The leaks brought a new sense of urgency to the international push for companies to publicly disclose beneficial owners. (This focus was also seen at the U.K. Anti-Corruption Summit in May.) How to build on this momentum was a frequent topic of conversation at IACC.

One positive step came from OpenCorporates, which launched an initiative to create a Global Beneficial Ownership Register. The register tackles the cross-border and highly networked nature of corruption and aims to link beneficial ownership data from corporate registries across the world and establish a common reporting standard.

The few private sector IACC participants attending argued that it was time to end anonymous companies. Deloitte partner James “Chip” Cottrell said making the ultimate owner or owners of companies public is vital for business and helps create a level playing field. BHP Billiton Chief External Affairs Officer Geoff Healy said that when a corporate entity is established, it should disclose its beneficial ownership as a prerequisite to exist. Also from the private sector, The B Team worked closely with the Bank of Montreal, Deloitte and Thomson Reuters to develop an online tool that provides businesses with detailed information on beneficial ownership and concrete steps toward ending anonymous companies.

Beneficial ownership transparency just one piece of the puzzle to uncover corruption. It will need to be combined with additional transparency mechanisms like asset declarations by public officials (such as those introduced in Ukraine) and strong domestic legislation to guard against conflicts of interest. Though these issues got less attention at the IACC, they require further analysis.
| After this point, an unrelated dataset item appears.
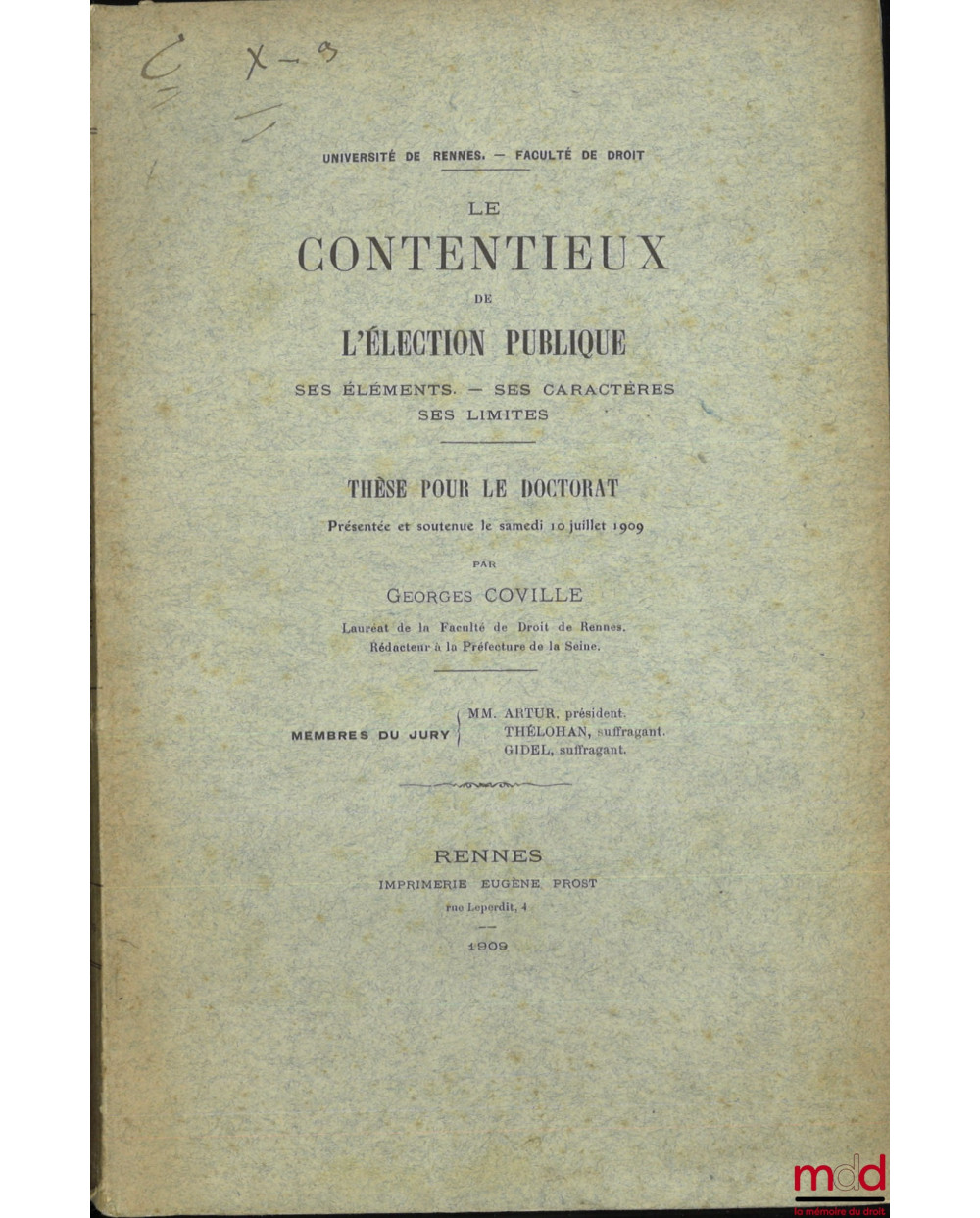 LE CONTENTIEUX DE L’ÉLECTION PUBLIQUE, Ses éléments. – Ses caractères. – Ses limites, Thèse

The United States’ changing political landscape and its potential implications for the fight against corruption loomed large. Carnegie Endowment for International Peace senior fellow Sarah Chayes and Harvard professor Lawrence Lessig argued that President-elect Donald Trump effectively tapped into a U.S. fear of corrupt government officials, pledging to “drain the swamp” in Washington, D.C. Mainstream activists and politicians failed to recognize growing discontent, they said, and the anti-corruption movement now needs to wake up and more effectively address these concerns.
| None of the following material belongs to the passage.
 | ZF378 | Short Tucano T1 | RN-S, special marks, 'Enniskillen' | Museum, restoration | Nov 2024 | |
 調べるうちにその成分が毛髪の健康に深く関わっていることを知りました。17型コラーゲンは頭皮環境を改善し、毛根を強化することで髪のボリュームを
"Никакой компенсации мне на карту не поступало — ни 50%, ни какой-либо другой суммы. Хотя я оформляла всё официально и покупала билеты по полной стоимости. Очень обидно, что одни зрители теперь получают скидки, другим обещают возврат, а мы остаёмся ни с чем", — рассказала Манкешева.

Other IACC speakers voiced fears that significant gains made by the United States in the global fight against corruption will be weakened. For instance, Section 1504 of the Dodd-Frank Act, which requires U.S.-listed oil, gas and mining companies to disclose payments made to governments for natural resource development, introduces greater transparency in resource-rich countries around the world. The American Petroleum Institute, an oil sector lobby group, has fought against this provision for years and blocked its implementation through a lawsuit launched in 2012. As of 2016, the law is back on track. Some are concerned, however, that special interest groups might enjoy even greater leverage in the coming years.
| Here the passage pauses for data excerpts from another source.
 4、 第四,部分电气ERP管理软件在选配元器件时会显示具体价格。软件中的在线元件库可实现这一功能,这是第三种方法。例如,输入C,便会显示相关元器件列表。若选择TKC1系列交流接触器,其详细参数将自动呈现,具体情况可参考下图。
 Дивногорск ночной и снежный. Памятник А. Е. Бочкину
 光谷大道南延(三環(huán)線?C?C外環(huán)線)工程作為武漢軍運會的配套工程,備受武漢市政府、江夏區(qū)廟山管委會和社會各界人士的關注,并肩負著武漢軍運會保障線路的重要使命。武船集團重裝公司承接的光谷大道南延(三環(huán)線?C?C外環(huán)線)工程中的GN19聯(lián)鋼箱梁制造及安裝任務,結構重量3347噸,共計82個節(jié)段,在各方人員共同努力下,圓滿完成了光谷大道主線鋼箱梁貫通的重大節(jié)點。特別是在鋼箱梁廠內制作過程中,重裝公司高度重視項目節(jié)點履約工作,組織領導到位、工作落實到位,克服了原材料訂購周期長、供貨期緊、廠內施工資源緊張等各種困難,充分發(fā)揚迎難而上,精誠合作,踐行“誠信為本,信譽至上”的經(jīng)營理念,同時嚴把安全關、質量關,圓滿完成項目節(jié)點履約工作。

The fate of the Foreign Corrupt Practices Act was a recurring theme of discussion. Trump has said that the FCPA is “horrible law and it should be changed,” raising concerns that this legislation could be weakened or pursued less vigorously by the Department of Justice and the Securities and Exchange Commission. Since the early 2000s, the FCPA has become a key piece of legislation used by those agencies to pursue U.S. and U.S.-listed companies bribing foreign government officials. A change to the FCPA or its implementation would particularly affect companies in the extractive sector, given that a major focus of FCPA investigations have involved oil, gas and mining companies.

It is too soon to tell how the new administration will address transparency and corruption in the extractives sector. The IACC drove home that the global anti-corruption movement needs to brace itself for change, hold on to hard-fought victories and look for new opportunities where they arise.

Max George-Wagner is a governance associate with the Natural Resource Governance Institute (NRGI).